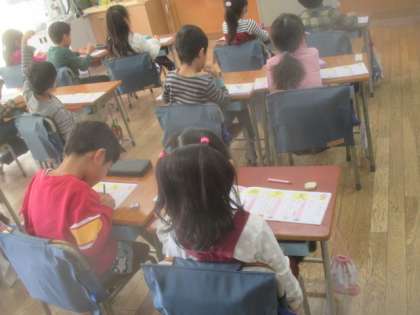 2組の今日の朝の時間は、漢字の学習をしました。ドリルを使って新しい漢字を練習します。お手本をよく見てノートに繰り返し書いて覚えます。みんな集中して取り組んでいました。
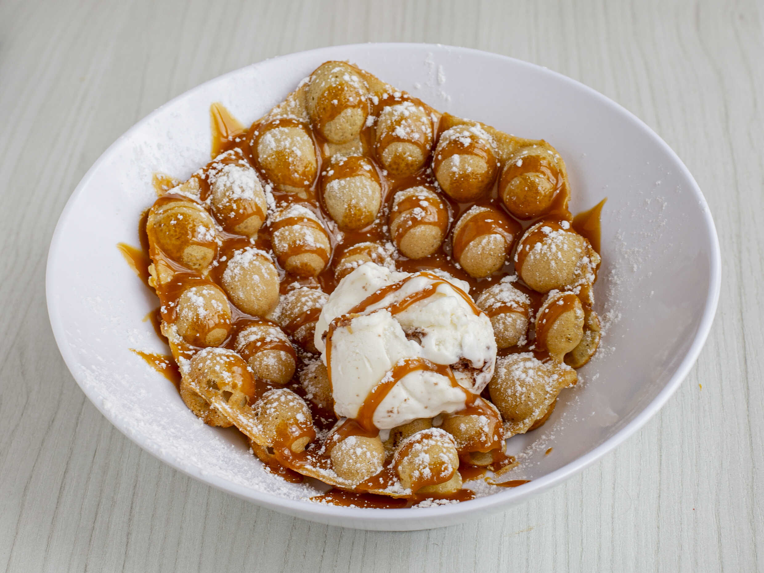 “Burbu Choco-arequipe" Waffle exquisito con sorprendentes burbujas , combinado magistralmente con arequipe y chocolate. coronado con helado para una experiencia sublime.
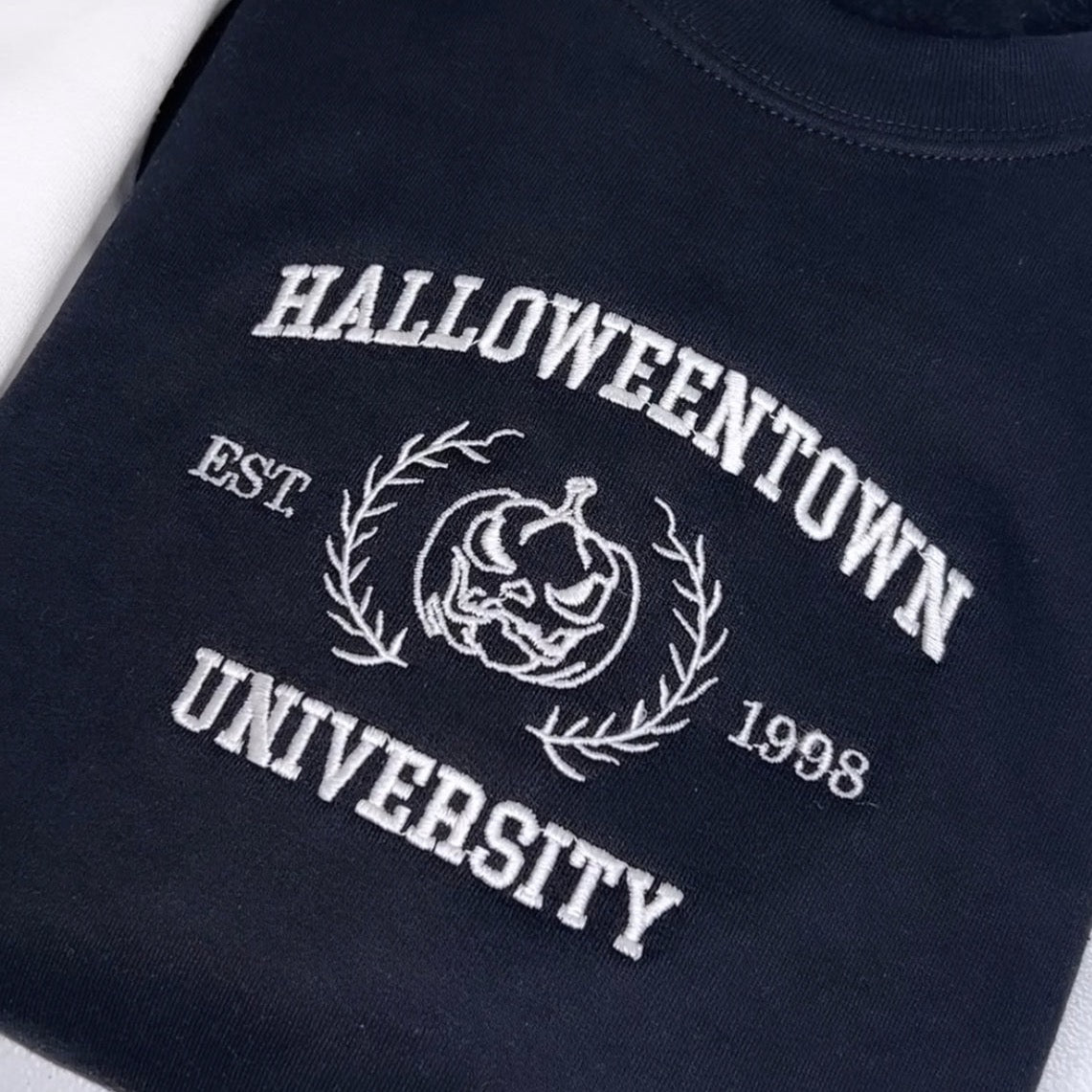 Halloween Town University sweatshirt, Halloween embroidery sweatshirt, spooky university embroidery, creepy cute clothes, gothic college style, pumpkin embroidered t-shirt, ghost college sweatshirt, Halloween aesthetic clothes, witch style sweatshirt, witchcore embroidered clothing, Halloween university style
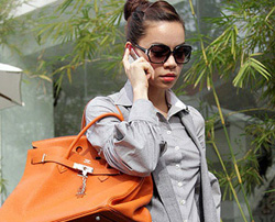 Hồ Ngọc Hà sành điệu cùng chiếc túi cùng hiệu nhưng khác màu với Thanh Thảo. Một bài báo từng đưa tin cô còn khoảng 30 chiếc như thế đang nằm chờ sẵn trong tủ áo.
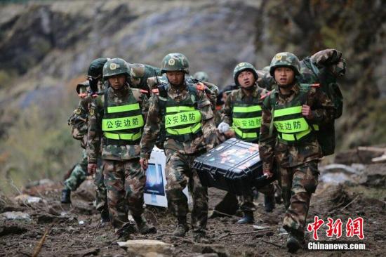 4月28日,西藏日喀则,西藏公安边防总队聂拉木边检站与聂拉木边防大队组建25人抢险救援队伍通过友谊隧道徒步挺进与外界失联70小时的“孤岛”樟木镇。
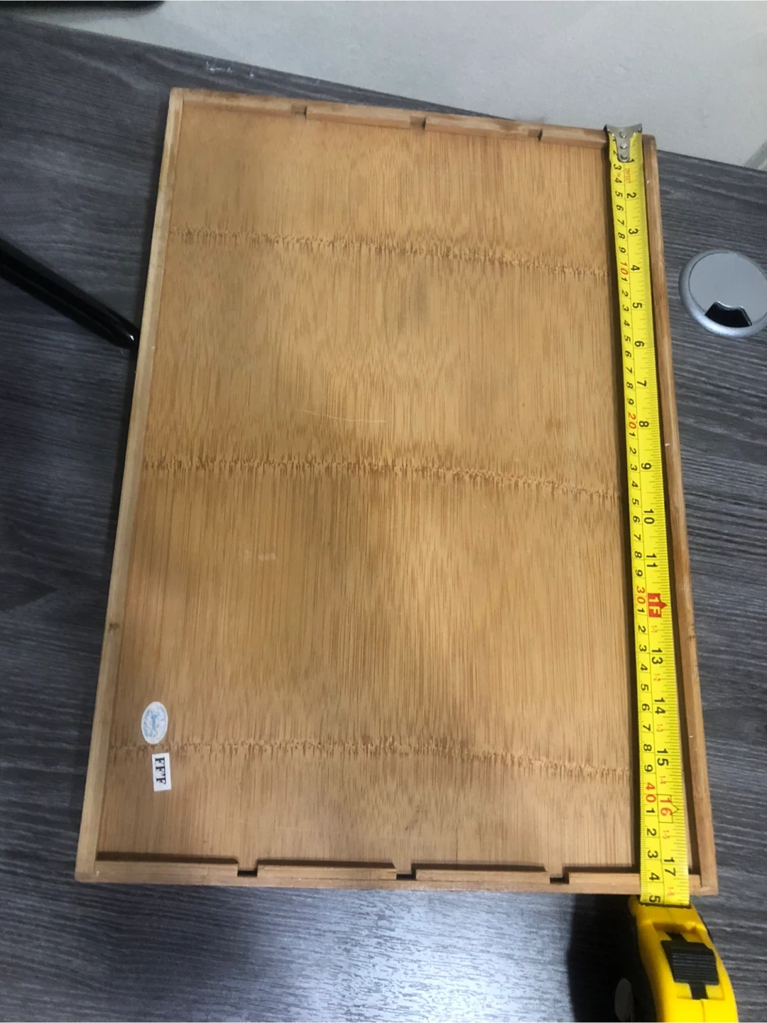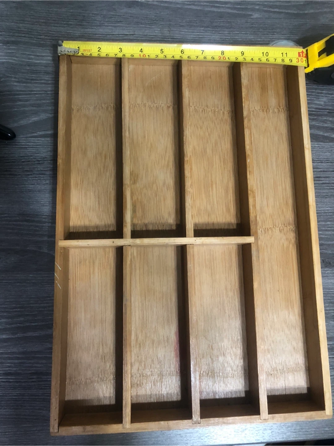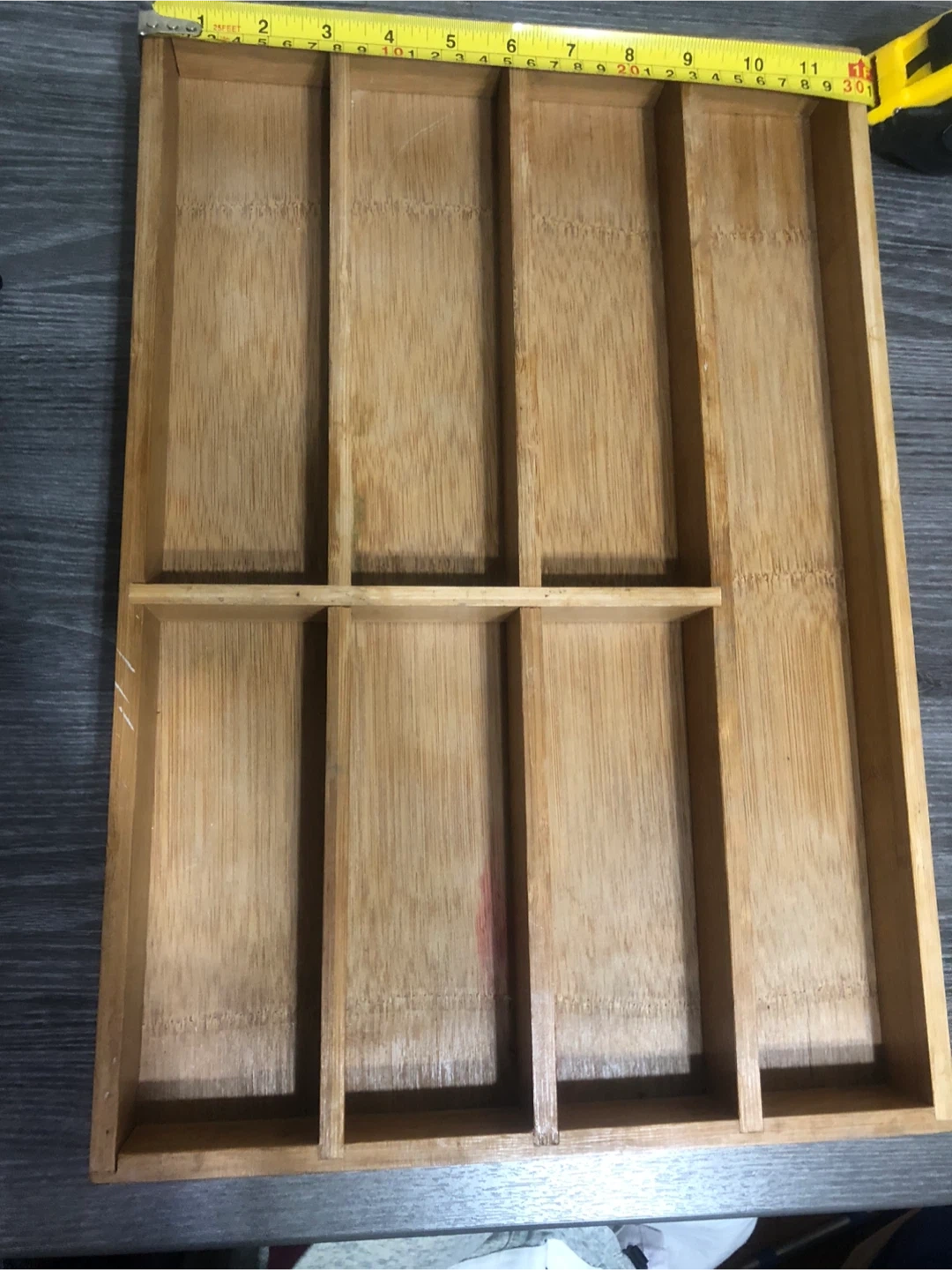 Here's a handy bamboo drawer organizer! It's in great shape and ready to help you tidy up your space. It measures approximately 11 inches by 15 inches.
:::
--- Directions for this task ---
In the records above, find the line that contains "Hồ Ngọc Hà sành". Print it and every later line exactly, omitting the pictures.

--- Answer below ---
 Hồ Ngọc Hà sành điệu cùng chiếc túi cùng hiệu nhưng khác màu với Thanh Thảo. Một bài báo từng đưa tin cô còn khoảng 30 chiếc như thế đang nằm chờ sẵn trong tủ áo.
 4月28日,西藏日喀则,西藏公安边防总队聂拉木边检站与聂拉木边防大队组建25人抢险救援队伍通过友谊隧道徒步挺进与外界失联70小时的“孤岛”樟木镇。
 Here's a handy bamboo drawer organizer! It's in great shape and ready to help you tidy up your space. It measures approximately 11 inches by 15 inches.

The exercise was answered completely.